RNAi-MEDIATED KNOCKDOWN

A phenomenon in which the expression of a gene is temporarily inhibited ('knocked down') when a complementary dsRNA molecule is introduced into the organism.

SATURATION

A screen that is designed to induce at least one mutation in every gene is said to have been carried out to saturation.

BACULOVIRUS CASPASE INHIBITOR P35

Baculoviruses are large DNA viruses that infect arthropods. p35 is a baculovirus-encoded protein that inhibits cell death by acting as a suicide substrate for many caspases.

RNA INTERFERENCE (RNAi)

A form of post-transcriptional gene silencing, in which dsRNA induces degradation of the homologous endogenous transcripts, mimicking the effect of the reduction, or loss, of gene activity.

EPISTASIS

When the phenotype associated with mutation of a gene (A) is masked by mutation in a second gene (B), B is said to be epistatic to A. In a switch pathway (a pathway in which the output is one of two states, often developmental fates), such an observation would indicate that genes A and B act in the same pathway, and that A acts through B.
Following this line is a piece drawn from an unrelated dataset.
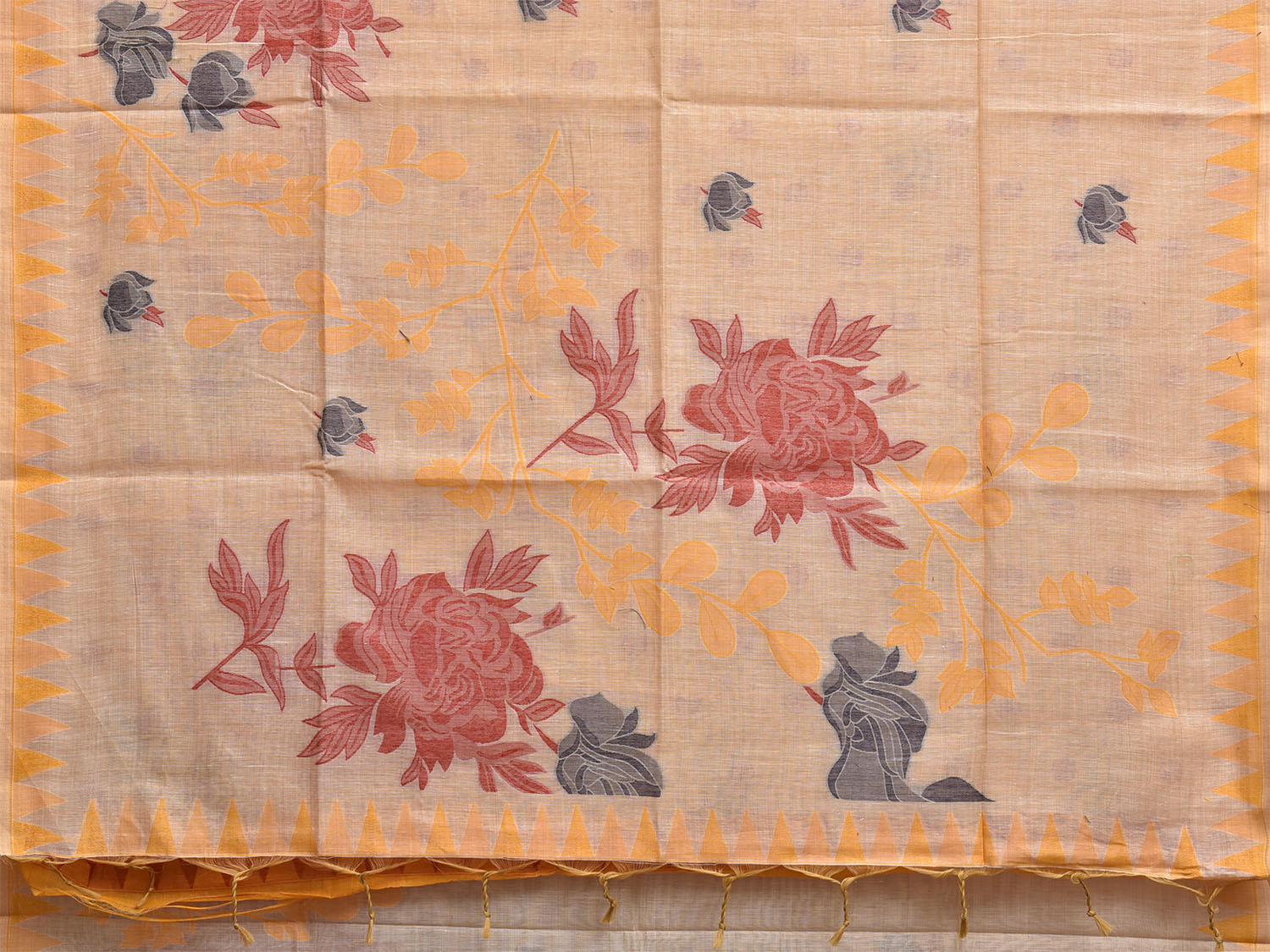 Cream and Yellow Dhakai Jamdani Cotton Viscose Saree with Floral Pallu and Border Design dj0257

SENSITIZED GENETIC BACKGROUND

A genetic background in which modest (twofold) changes in the dose of pathway components produce a phenotype that would not be observed in a wild-type background.

DOMINANT MODIFIER SCREEN

A signalling pathway is hyperactivated or partially deactivated in a specific tissue. These flies are often sensitive to modest changes in the levels of pathway components (heterozygosity) that would otherwise not result in a visible phenotype — but only in the specific tissue that is targeted.

NURSE CELLS

Female germline-derived cells that support the development of the oocyte. Nurse cells are interconnected to each other and to the developing oocyte through intercellular bridges that facilitate transport of RNA and protein into the growing oocyte.

IMAGINAL DISC

An epithelial sheet of cells that occurs as a sac-like infolding of the epithelium in the larva. Small groups of imaginal disc founder cells arise in the embryo. They continue to divide until pupation, when they differentiate into many adult structures (wings, legs, eyes, antennae and genitalia).

SYNCYTIUM

A multinucleate cell in which the nuclei are not separated by cell membranes.

AUTOPHAGY

In autophagic cell death, as opposed to apoptotic cell death, the cell is degraded largely from within, with little or no help from phagocytes. Bulk cytoplasm and organelles are sequestered within double-membrane-bound vesicles. These ultimately fuse with the lysosome and their contents are degraded.

SPERMATID

A post-meiotic haploid male germ cell.

BORDER CELLS

A small group of specialized somatic follicle cells. They delaminate from the follicular epithelium, invade the underlying germline tissue and migrate towards the oocyte.

MITOTIC RECOMBINATION

A crossover between two homologous dsDNA molecules that leads to a physical exchange of DNA and genetic information. This recombination occurs frequently during meiosis, but is relatively rare during mitosis. As a consequence of mitotic recombination, cells can undergo a 'loss of heterozygosity' or gene conversion.

BALANCED STOCK

A stock that carries a lethal mutation on one chromosome homologue, and a balancer chromosome on the other. A balancer chromosome carries multiple inversions that prevent recombination with the lethal-bearing chromosome, a recessive lethal mutation and a dominant marker. Matings between balanced lethal flies produce only balanced lethal adult progeny — a stable stock.

ISOGENIC

Cells or organisms that are derived from the same parent and therefore have almost identical genomes.

GERMLINE CLONE SCREEN

A genetic screen in which clones of homozygous-mutant germline tissue are produced in adult females. Oocytes and eggs derived from these clones (which can be distinguished from those derived from heterozygous germline tissue in several ways) can be examined for phenotypes during oogenesis and embryogenesis.

P-ELEMENT

A member of a family of transposable elements that are widely used as the basis of tools for mutating and manipulating the genome of Drosophila melanogaster.

CELL MICROARRAYS

Cells are plated directly onto a slide containing thousands of microarrayed spots of DNA. Cells landing on these spots are transfected with the arrayed plasmids, and can then be scored in various assays.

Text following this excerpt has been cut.